For any surface, the incident radiation must be accounted for:

$\alpha + \rho + \tau = 1$

For opaque surfaces (most solids), $\tau = 0$, which simplifies to:

$\alpha + \rho = 1$

This means that for an opaque surface, reflectivity is simply the complement of absorptivity: $\rho = 1 - \alpha$. Transmissivity is only non-zero for materials like glass or thin plastic films.

Emissivity, Absorptivity, Reflectivity, and Transmissivity

Kirchhoff's Law and Thermal Equilibrium

Kirchhoff's law is one of the most useful relationships in radiation heat transfer. It states that at a given temperature and wavelength, the spectral emissivity and spectral absorptivity of a surface are equal:

$\varepsilon_\lambda = \alpha_\lambda$

What this means practically: a surface that's a good absorber at a particular wavelength is also a good emitter at that wavelength, provided the surface is in thermal equilibrium (constant temperature, with absorbed and emitted radiation balanced).

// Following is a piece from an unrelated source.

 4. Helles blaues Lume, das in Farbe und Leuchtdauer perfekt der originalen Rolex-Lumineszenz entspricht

Thermal equilibrium examples include a room-temperature object sitting in a room, a hot part sitting inside a furnace at steady state, or a spacecraft in radiative equilibrium with its surroundings.

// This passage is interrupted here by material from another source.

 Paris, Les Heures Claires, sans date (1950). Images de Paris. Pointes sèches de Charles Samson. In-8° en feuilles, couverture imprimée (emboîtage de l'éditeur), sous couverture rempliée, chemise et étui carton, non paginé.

A common pitfall: Kirchhoff's law applies strictly at the same wavelength and temperature. When the source of irradiation is at a very different temperature than the surface (so the relevant wavelength ranges don't overlap much), the total emissivity and total absorptivity may not be equal. This distinction matters in problems like solar irradiation of surfaces at room temperature.

Factors Affecting Radiation Properties

Several factors can significantly alter a surface's radiation properties:

• Material composition: Metals behave differently from non-metals. Polished metals tend to have low emissivity ($\varepsilon \approx 0.03$ to $0.1$) and high reflectivity, while non-metals like brick, wood, and skin tend to have high emissivity ($\varepsilon > 0.8$).
• Surface finish: A polished copper surface might have $\varepsilon \approx 0.03$, while heavily oxidized copper can reach $\varepsilon \approx 0.7$.
• Temperature: Higher temperatures generally increase emissivity for metals, partly because oxidation accelerates and the peak emission wavelength shifts.
• Wavelength: A surface can be highly absorbing at one wavelength and highly reflective at another. This is the basis for selective surfaces.
• Angle of incidence/emission: Emissivity can change significantly at oblique angles, especially for metals and dielectrics.

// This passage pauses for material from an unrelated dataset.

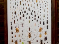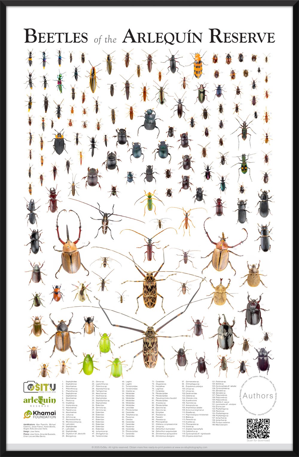 This 70x106 cm scientific photographic poster showcases 140 species of beetles found at the Arlequín Reserve in the Mindo cloud forest of Ecuador. The artwork is printed on photographic paper and comes in an Ashford satin black frame with a clear acrylic cover.

Surface Temperature and Radiation Properties

Temperature Dependence of Radiation Properties

As temperature rises, two things happen that affect radiation properties:

1. The peak wavelength of emitted radiation shifts to shorter wavelengths according to Wien's displacement law ($\lambda_{\max} T = 2898 \; \mu m \cdot K$). At shorter wavelengths, many materials have different emissivity values than at longer wavelengths.
2. Physical changes at the surface (oxidation, microstructural changes) can alter emissivity directly. A clean metal surface at room temperature may have low emissivity, but after prolonged exposure to high temperatures, oxide growth can push emissivity much higher.

The net result is that for most engineering metals, emissivity increases with temperature.

Modified Stefan-Boltzmann Law for Real Surfaces

The total emissive power of a real surface is:

$E = \varepsilon \sigma T^4$

where:

• $\varepsilon$ is the total hemispherical emissivity of the surface
• $\sigma = 5.67 \times 10^{-8} \; W/(m^2 \cdot K^4)$ is the Stefan-Boltzmann constant
• $T$ is the absolute temperature in Kelvin

This is the blackbody Stefan-Boltzmann law scaled down by emissivity. A surface with $\varepsilon = 0.6$ at 500 K emits only 60% of what a blackbody at 500 K would emit.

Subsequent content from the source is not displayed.